Валентина сидела на корме, молча рулила, смотрела на Анну, как она гребла легко и сильно, чуть напрягая при каждом толчке вёслами красиво округлённые мускулы смуглых рук. Анна была босиком, в просто сшитом полотняном платье, с косами, уложенными венцом вокруг головы.
«Какая она юная сейчас! — думала Валентина, прислушиваясь к звонкому сипению воды, рассекаемой лодкой. — Вот сейчас я чуточку повернула влево — и мы поехали к протоку, теперь вправо... теперь мы, подвигаемся к острову. Я могу править, как угодно, и она не сразу заметит. Что, если мы налетим на эту скалу? Лодка опрокинется и все утонем», — Валентина подумала о том, как горевал бы Андрей, но тут же она взглянула на гордую голову Анны, на её сильные руки и представила, как эти руки выхватили бы из холодной текучей глубины ребёнка, как яростно боролись бы они за его жизнь!
«А если бы случайно спаслись только я и Маринка... — подумала ещё Валентина и даже испугалась. — Вот так, наверное, и убивают и грабят! Сначала просто мерещится «это», а потом всё проще и спокойнее».
— Правьте к острову! — сказала Анна, поднимая вёсла и осматриваясь. — Вон к тому мысику. Вам нравится то место?
— Очень нравится, — ответила Валентина и покраснела.
На белом песке низкого пустынного берега громоздились кучи сухого, чисто вымытого плавника. За песком, за редкими корявыми ивами, обросшими в половодье блеклозелёными космами тины, прохладно кустился береговой лес.

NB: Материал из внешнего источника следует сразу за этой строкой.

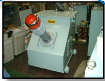
100kV/20kVA Transformer for high voltage test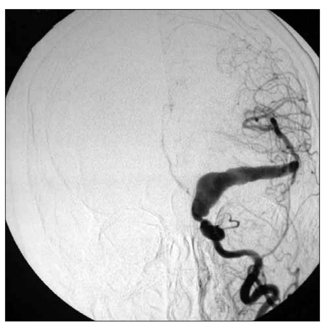
Figure 3: Cerebral angiography of the patient reveals a fusiform aneurysmatic dilatation and thrombosed aneurysm extending from supracavernous segment of the left internal carotid artery to the MCA M2 segment. Insular branches of the left MCA have normal calibration, but ACA shows weak filling beginning from the A1 segment.

Carotid bifurcation aneurysms are observed at a rate of 5% among intracranial aneurysms and present with symptoms caused by mass effect simply when they become large. Our patient experienced headaches and memory lapse; however, the development of bitemporal hemianopsia due to pressure on the optic tracts and chiasma as well as the development of hemiparesis, epilepsy, and homonym hemianopsia as a consequence of the extension of the GA towards MCA in the GAs located in the ICA bifurcation have been reported in the literature. Symptoms such as hypopituitarism, hemiathetosis, Parkinsonism, personality change, dementia, cortical irritation and epilepsy attacks can also rarely develop due to a mass effect (22,30).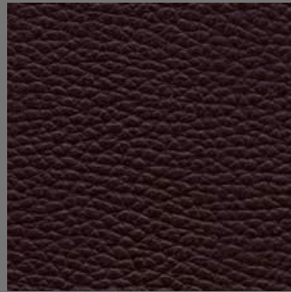
Grain Barton Finished Leather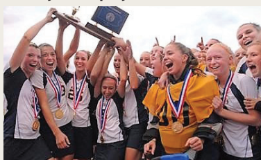
2008 field hockey team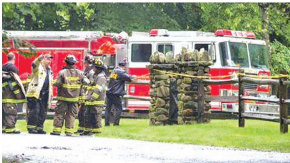
Police and firefighters stand near the site of a small plane crash in the town of Harrison, Westchester County, New York on 13 June, 2014.

Женщины высадили своих пассажиров и вытащили лодку на горячий песок.
Анна натаскала груду плавника для костра, и когда огонь погнал густые завитки дыма, начала подбрасывать в костёр сухие сучья, пока он не загудел одним огромным, рвущимся вверх пламенем, окружённым дрожащим, облачком дыма с пляшущими в нём мухами пепла.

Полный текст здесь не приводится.